Under the scheme the nurses, wearing high-visibility waistcoats, set up portable tables and chairs in town centres to monitor passers-by. If they spot someone who looks overweight they will approach them and strike up a conversation about their health, inviting them to have a "rapid nursing assessment", which includes having their waist measured and their blood pressure checked.
Overweight women can be referred to local Weight Watchers meetings, and men are sent to the NHS Ayrshire and Arran men-only weight loss club 'Slimmin Withoot Wimmin'. Locals can also attend cookery classes where they learn how to prepare healthy meals on a low budget.
I live in a country where government employees are coming up to me in the street and telling me that I look overweight? I mean, what?
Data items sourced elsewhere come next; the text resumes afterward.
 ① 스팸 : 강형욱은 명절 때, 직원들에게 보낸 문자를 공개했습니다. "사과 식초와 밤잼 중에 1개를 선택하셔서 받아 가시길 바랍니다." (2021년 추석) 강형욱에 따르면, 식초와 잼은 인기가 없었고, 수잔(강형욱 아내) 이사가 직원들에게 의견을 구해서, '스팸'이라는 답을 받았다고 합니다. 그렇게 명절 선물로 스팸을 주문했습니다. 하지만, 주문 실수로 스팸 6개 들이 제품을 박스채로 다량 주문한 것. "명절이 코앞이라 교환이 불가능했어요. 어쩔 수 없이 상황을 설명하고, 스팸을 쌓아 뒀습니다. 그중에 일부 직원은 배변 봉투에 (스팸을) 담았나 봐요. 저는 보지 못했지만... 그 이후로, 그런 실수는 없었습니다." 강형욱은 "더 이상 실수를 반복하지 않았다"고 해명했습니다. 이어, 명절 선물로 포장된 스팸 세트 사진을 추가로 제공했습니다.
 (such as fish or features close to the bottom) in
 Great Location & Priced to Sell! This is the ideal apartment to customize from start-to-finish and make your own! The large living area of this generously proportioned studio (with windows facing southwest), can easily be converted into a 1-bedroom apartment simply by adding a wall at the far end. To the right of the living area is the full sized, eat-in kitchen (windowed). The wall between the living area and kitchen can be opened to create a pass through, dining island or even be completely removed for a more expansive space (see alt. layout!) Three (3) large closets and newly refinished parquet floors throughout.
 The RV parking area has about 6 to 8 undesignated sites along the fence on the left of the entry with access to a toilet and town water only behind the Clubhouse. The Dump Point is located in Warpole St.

They really don't, do they? Because this is how it begins, whether it's CCTV cameras that tell you off for dropping litter or a spy satellite in the sky, tracking every journey your car makes: a weak attempt at satire on a right-wing blog, usually with some crass reference to Stalin or the Nazis, pops up a year or two later, incredibly, as government pilot scheme, gets 'rolled out' nationally - at galactic expense to John Q. Taxpayer, naturally - and before you know it, there are nurses in hi-vis jackets coming up to you in the street, asking you your waist size and then sending you to - Christ, I can barely type the words, so tightly clenched are my fists with rage - "Slimmin Withoot Wimmin". Well, I'm sorry, but - dear God, I'm repeating myself yet again - mist descending - blood vessels rupturing in my eyeballs - not sure I'm even going to make it to the end of this paragraph - it is none of your GODDAMN BUSINESS. It just isn't, and if there are people out there who honestly and genuinely believe that it is the role of government to walk the streets policing this shit, then we have a real fucking problem here.
The Greek has put it pretty fucking clearly (and do go and read the whole of his piece) but it seems that our government just doesn't fucking get it. But the truth of the matter is that so many people in this country will see nothing wrong with this at all.
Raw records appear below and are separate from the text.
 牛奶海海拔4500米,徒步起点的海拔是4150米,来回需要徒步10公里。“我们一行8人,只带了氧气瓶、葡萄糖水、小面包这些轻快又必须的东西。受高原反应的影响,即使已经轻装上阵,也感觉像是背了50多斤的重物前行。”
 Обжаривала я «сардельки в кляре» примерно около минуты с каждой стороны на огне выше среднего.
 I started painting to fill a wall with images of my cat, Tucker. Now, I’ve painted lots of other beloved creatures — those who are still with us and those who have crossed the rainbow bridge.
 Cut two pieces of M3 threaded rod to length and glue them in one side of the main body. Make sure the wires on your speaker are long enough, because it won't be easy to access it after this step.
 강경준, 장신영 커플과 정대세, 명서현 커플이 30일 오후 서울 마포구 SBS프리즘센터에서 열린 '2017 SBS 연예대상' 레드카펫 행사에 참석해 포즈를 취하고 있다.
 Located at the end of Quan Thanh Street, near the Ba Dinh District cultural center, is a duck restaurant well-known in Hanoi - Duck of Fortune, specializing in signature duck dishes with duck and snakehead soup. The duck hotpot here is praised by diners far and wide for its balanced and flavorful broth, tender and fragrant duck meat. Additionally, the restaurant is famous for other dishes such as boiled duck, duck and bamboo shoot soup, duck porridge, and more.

They will nod their heads sagely and mutter that it is great that those poor, benighted people who are unable to make their own decisions will be helped towards the path of righteousness by the caring NHS.
They will not realise how incredibly snobbish and condescending their attitude is—"oh, the poor! Yes, I know that one shouldn't stereotype anyone and I, of course, wouldn't dream of doing so but the poor are so terribly stupid, aren't they? It's really our duty to cajole, badger and force them into a healthy lifestyle."
Furthermore, these bien pensant twats do not dream, for one second, that any nurse in a high-viz vest would actually come and start hassling them—no, no, no: this measure is purely for the poor.
"Oh yes," they will twitter at their parties, "I know that I could do with losing a few pounds, but at my time of life...? Besides, a little insulation is healthy, isn't it? And I'm sure that Rubens would have approved!
"Now, have you heard about this wonderful little scheme they've launched in Scotland? Yes, that's right: the one where nurses go and educate poor, fat people in the street. Telling them not to eat so many deep-fried Mars Bars is suppose!" Giggle.
There are a number of posters around Brixton which display the silhouette of a man or woman in profile, with a tape measure around the waist: in the case of the man, the tape measure is at 32 inches and the poster screams that "if your waist is bigger than this, you may need to have a test for diabetes. Go and see your GP."
Thirty-two fucking inches?
Fucking hell: I am about a 32 and I am, as those who know me will testify, definitely on the thin side. Seriously, what the fuck?
These idiot posters are bad enough but one could at least argue that they are attempting to provide information to people. They are irritating but they are a million miles away from the harassment being outlined in Mr E's neck of the woods.
And the British people stand passively on, whilst the government continues in its scheme to make all citizen-units as homogenous as possible. Because, you see, when you are trying to run any system, you want the units to be as near the same as possible; if they are not, they might buck the system.
So the government has been attempting to make the population-units as near identical as possible for ease of control: it has been doing pretty well through the education system, and now they are moving against us with the health system. And the majority of our citizens meekly accept all this.
One looks around and is tempted to use the words that have become Obnoxio's refrain of late: this country is so fucked.